Offensichtlich hat 55-jährige viel Autobiografisches in seinem Text verarbeitet. Hauptakteur Wolf - sein Alter Ego - hat nicht nur die Anzahl der Buchstaben seines Vornamens (die beiden letzten sind gar völlig identisch) und das Alter mit Rothmann gemeinsam, sondern ist ebenso wie er Schriftsteller und lebt in Berlin. In Rückblicken und Erinnerungen erzählt er aus seinem Leben und dessen Verwicklungen, die - wie könnte es anders sein - durch zwei Frauen bzw. eine ménage à trois, die Wolf unterhält, hervorgerufen werden.

Derweil fängt alles so unkompliziert an: relativ unbekannter Autor gibt eine Lesung und lernt auf dieser Veranstaltung eine junge Buchhändlerin kennen. Man hat guten Sex miteinander, verliert sich wieder aus den Augen, kommt letztendlich doch zusammen und führt ein, von "teilnahmsvoller Distanz" geprägtes, sich wunderbar ergänzendes gemeinsames Leben. Denn Alina, so heißt die Angebetete, hat das was ihm, "der freien Existenz voller Anmut und Abenteuer" fehlt: Bodenhaftung. Und sie ist beste Kritikerin: " 'Das ist falsch', sagte sie einmal und zeigt auf eine Stelle kurz vor dem Schluss. 'Feuer brennt nicht! Feuer flackert oder leuchtet oder raucht. Brennen tut was anderes...' ".

Die bewegliche Freiheit jedoch - beide leben lange Jahre in zwei getrennten Wohnungen - wackelt gehörig, als sich die beiden entschließen, aus dem Zentrum weg in eine gemeinsame Wohnung am idyllischen Rand von Berlin zu ziehen. Hier macht Wolf nicht nur die plötzliche zwischenmenschliche Enge zu schaffen, sondern auch das Klientel: viele Alte, "Bürger des vergangenen Staates, die selten lächeln, kaum je grüßen und statt 'Supermarkt' noch 'Kaufhalle' sagen." Das Universum scheint über diesem Teil Berlins etwas kleinkarierter zu sein.

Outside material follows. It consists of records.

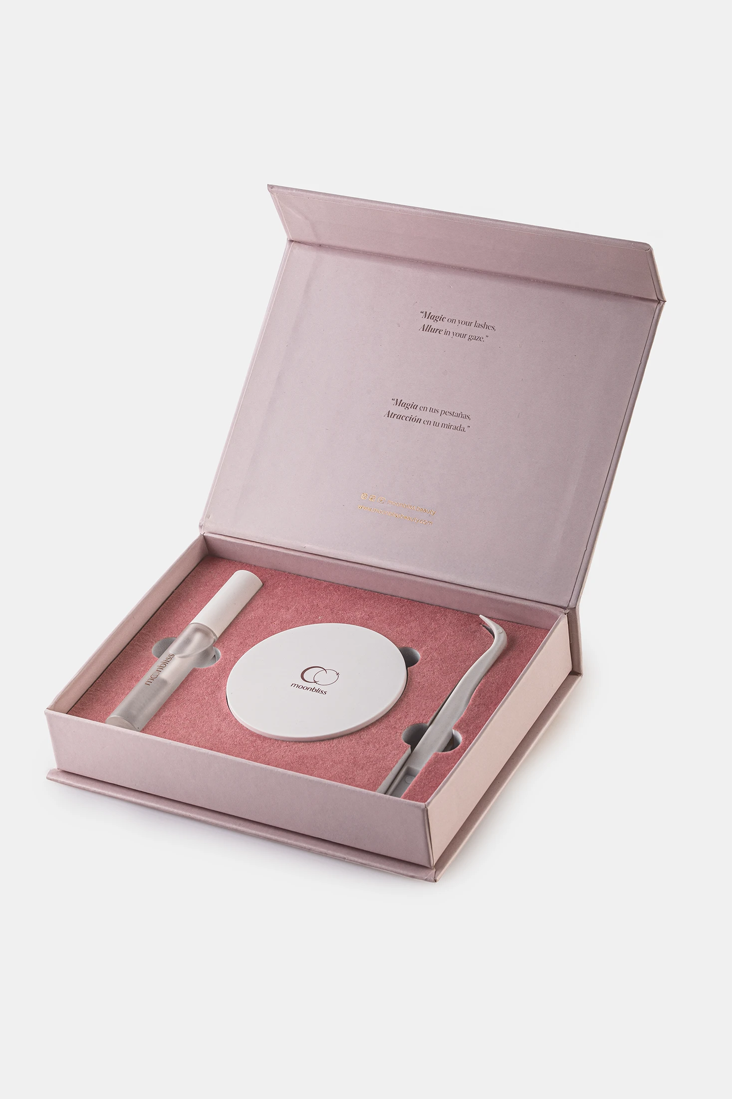 Riza tus pestañas naturales y aplica una capa de rímel fijador Moonbliss. Ideal para una sujeción duradera y segura.
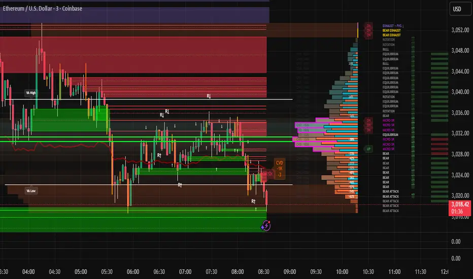 Historical labels (BULL/BEAR/EQUILIBRIUM) display for inactive zones. Real-time overrides activate only when price is within 1.5 bins of the level, providing instant feedback on what institutions are doing RIGHT NOW at each price level.
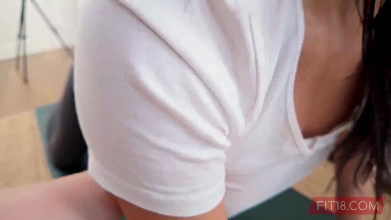 Dolly Orchid casting fitness pour modéliser des vêtements de sport. Elle montre son corps incroyablement fit et chaud, puis suce la bite de son entraîneur.

Vielleicht ist "Steppen"-Wolf aufgrund dessen empfänglicher, als die mondäne, kluge, clevere und weltgewandte Wissenschaftlerin Charlotte, eine frühere Geliebte, auf der Bildfläche erscheint und sich eine leidenschaftliche Affäre entspinnt. Die Gefühle für Alina sind trotzdem noch die gleichen, ja, Wolf ist sich sicher, dass "erst ein Fehltritt [...]den Tango vollkommen" macht. Zumal die Sprache, die er mit Charlotte deklamiert, nur die der nackten Körper ist, "lange, gut gebaute Sätze, fast nur mit dem Atem gesagt". Charlotte fürs Grobe, Alina für das Feine und Sinnliche. Doch in der "Hölle der Verheimlichungen", dem "Himmel der Lügen" und vieler offen, sehr direkt und beinahe pornografisch beschriebener Treffen später offenbart sich der mittlerweile Fünfzigjährige Wolf "seiner Frau" Alina...

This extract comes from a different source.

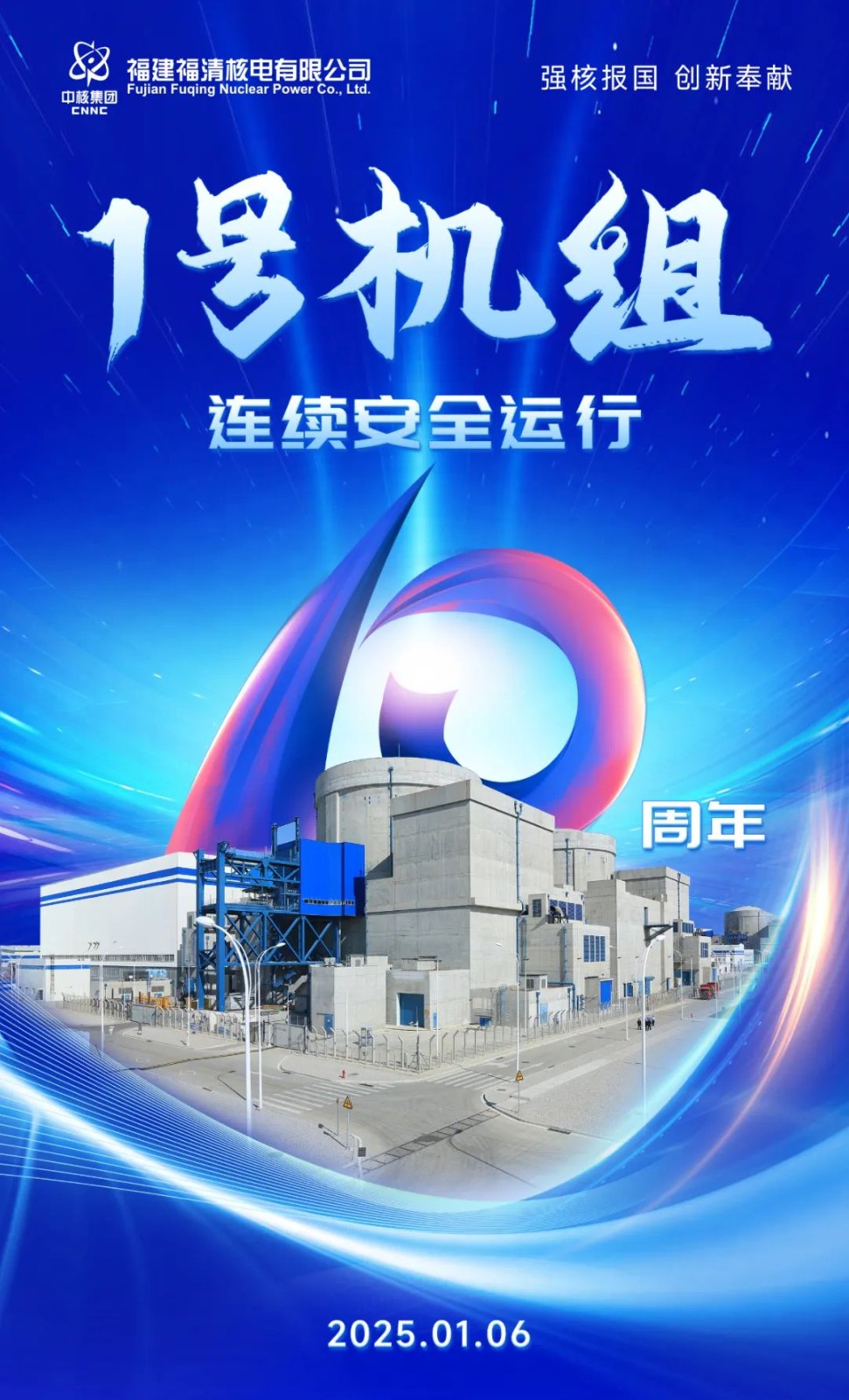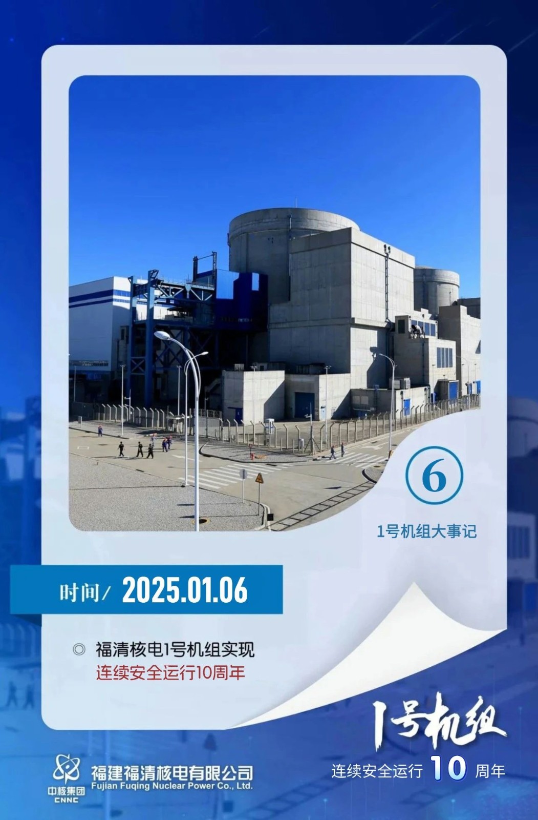 1月6日,在即將迎來核工業創建70周年之際,中國核電投資控股的福清核電1號機組實現連續安全運行10周年,創中核集團、中國核電在運核電機組連續安全可靠運行天數新紀錄。
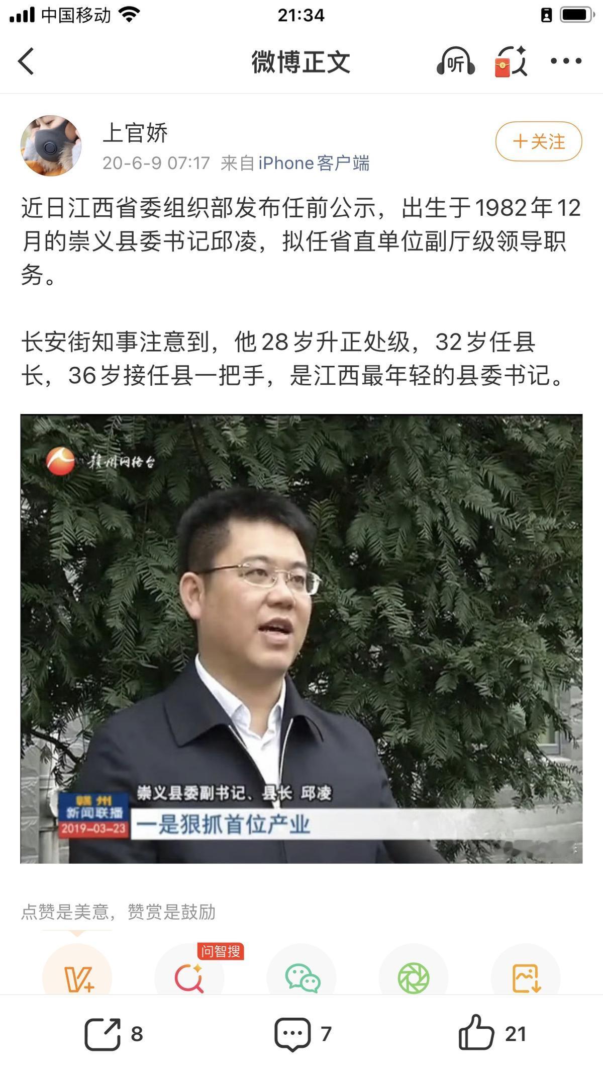 2019年,邱凌再次迎来仕途升级,37岁的他正式担任崇义县委书记。

Auch wenn im Roman kaum etwas passiert und der Plot mit einem Minimum an Agierenden auskommt, so gelingt Ralf Rothmann trotz mancher derber Beschreibungen, ein äußerst feingezeichneter Roman. In seiner ihm ureigenen, poetischen Sprache vermag er Sätze zu bauen, die "nicht schon beim ersten Stirnrunzeln" zerfallen. Der 55-jährige Autor kann wie kein anderer unterscheiden "zwischen Vers und Gebärde und weiß, wie man etwas verschweigen muss, damit es leuchtet."

Fazit:
"Von sich zu schreiben in der ersten Person geht selten ohne Verstellung . . . So bleibt nur die dritte Person, eine dürftige Tarnung, womöglich mit sprechendem Namen."
Ralf Rothmanns stark autobiografischer Roman erzählt vom Altern, Arbeiten und Lieben eines Schriftstellers sowie dessen vornehmlich sexuellen Verlockungen, denn das "ist ihm seit je das Hauptsächliche im Leben" und auch ein großes Thema dieses Romans.
"Feuer brennt nicht" ist ein ernster und pathetischer, manchmal gar beunruhigender und aufregender Text, der trotz seiner Handlungsarmut in sich absolut rund ist und dessen Worte, Sätze und das daraus gebildete Rothmannsche Gefüge noch lange nach dem Zuschlagen der letzten Seite im Unterbewusstsein des Lesers nachklingen. Ein Buch, das gleichwohl über existenzielle Fragen nachdenken lässt.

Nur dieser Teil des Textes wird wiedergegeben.